When it comes to high-impact practices, the AAC&U found that more than four in five employers would be either “a little more likely” or “a lot more likely” to consider hiring recent college graduates if they had. completed active or applied college experience. Internships and apprenticeships top the experience list, followed by community work with various community partners. Employers value work-study experiences and portfolios, as well as holistic learning and supervised experiences. Comprehensive research and writing experiences also stood out.

Education institutions across the country lack essential facilities and technologies to prepare students for the tough demands of the market. Our higher education institutions must share the responsibility of failing to meet the workforce needs of the labor market. Skills shortages, both in number and in quality, have reached a level of major concern and institutions have clearly failed in this area. Declining staff skills, scarce money for educational inputs, dilapidated and overloaded physical facilities, and limited incentives for research make it difficult to produce highly qualified personnel. Most students are also enrolled in “soft” disciplines, and research funds have been “siphoned off” to cover the costs of more students.

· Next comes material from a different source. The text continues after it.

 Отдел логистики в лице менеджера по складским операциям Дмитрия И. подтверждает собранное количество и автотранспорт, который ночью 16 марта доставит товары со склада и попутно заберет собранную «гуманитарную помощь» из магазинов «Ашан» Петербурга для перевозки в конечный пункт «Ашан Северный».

To address these skills gaps, our colleges should review the skills they impart to students and focus more on instilling the knowledge, skills and competencies desired by employees and the labor market in general. Higher education institutions should prioritize the teaching and development of skills such as perseverance; help students understand that failure is an opportunity to grow. Change, by teaching students to accept this is the norm and by teaching them to adapt. Ambiguity, teaching students that it is a part of life and that they find direction by listening, asking questions and thinking creatively.

Speakers should also play their part. They should involve students, encourage independent thinking and make themselves as available to students as possible. Teachers must also be able to relate the knowledge they offer to practical experiences in the labor market and give students practical skills to enable them to adapt easily to the world of work.

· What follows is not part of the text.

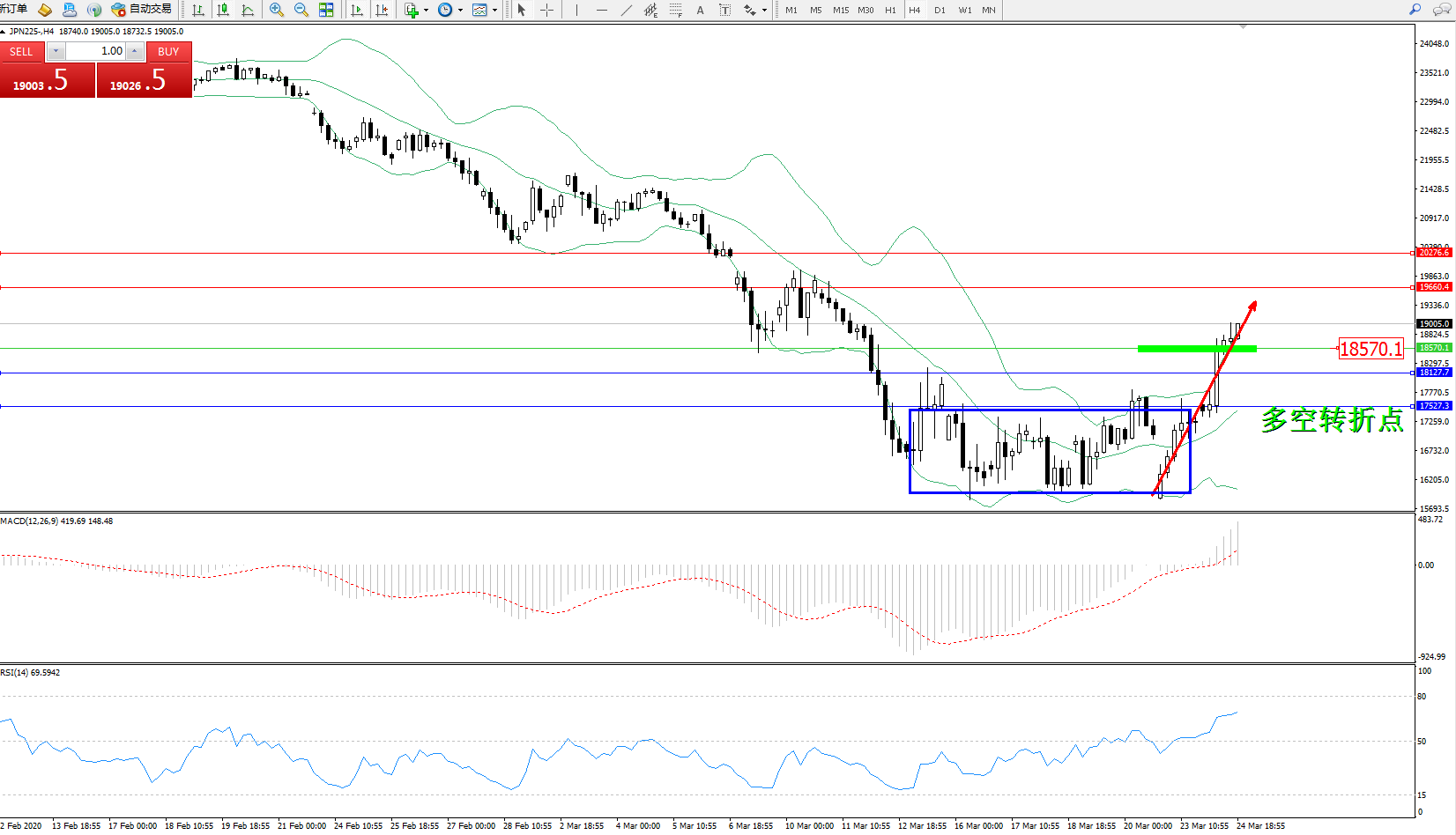 日经225指数3月24日(周二)收盘上涨1189.72点,涨幅7.04%,报18077.50点。创2016年2月中旬以来最大升幅。日本首相安倍晋三正在考虑设立一个专家组,以研究是否应就新冠病毒大流行宣布紧急状态;专家组可能最快会在周三成立;报道未透露消息来源。隔夜美联储的无限宽松行动,令全球多资产反弹走高,但疫情带来的负面冲击料难以被宽松行动对冲掉。围绕疫情持续很长时间的担忧导致全球流动性紧缩,这促使美联储本月推出了一系列强力措施,从增加互换额度到周一宣布无限量购债等等;日本史无前例的使用互换额度,其中一部分原因在于成本;日本央行行长黑田东彦:目前预计ETF账面损失为2-3万亿日元,日本房地产投资信托基金(J-REIT)的账面损失约为0.1万亿日元,正密切监控市场动态。

The ways in which the complex challenges we will face in the future, as individuals, as a nation and as members of a global community, will require the integration of advanced skills and competencies across disciplines and looking at issues from different angles. .

Above all, students should and must do their part as well. Focus on self-improvement. Throw away the misplaced feeling of entitlement that prevails today. Cultivate a positive attitude, be teachable, fully understand their trade, be honest and trustworthy.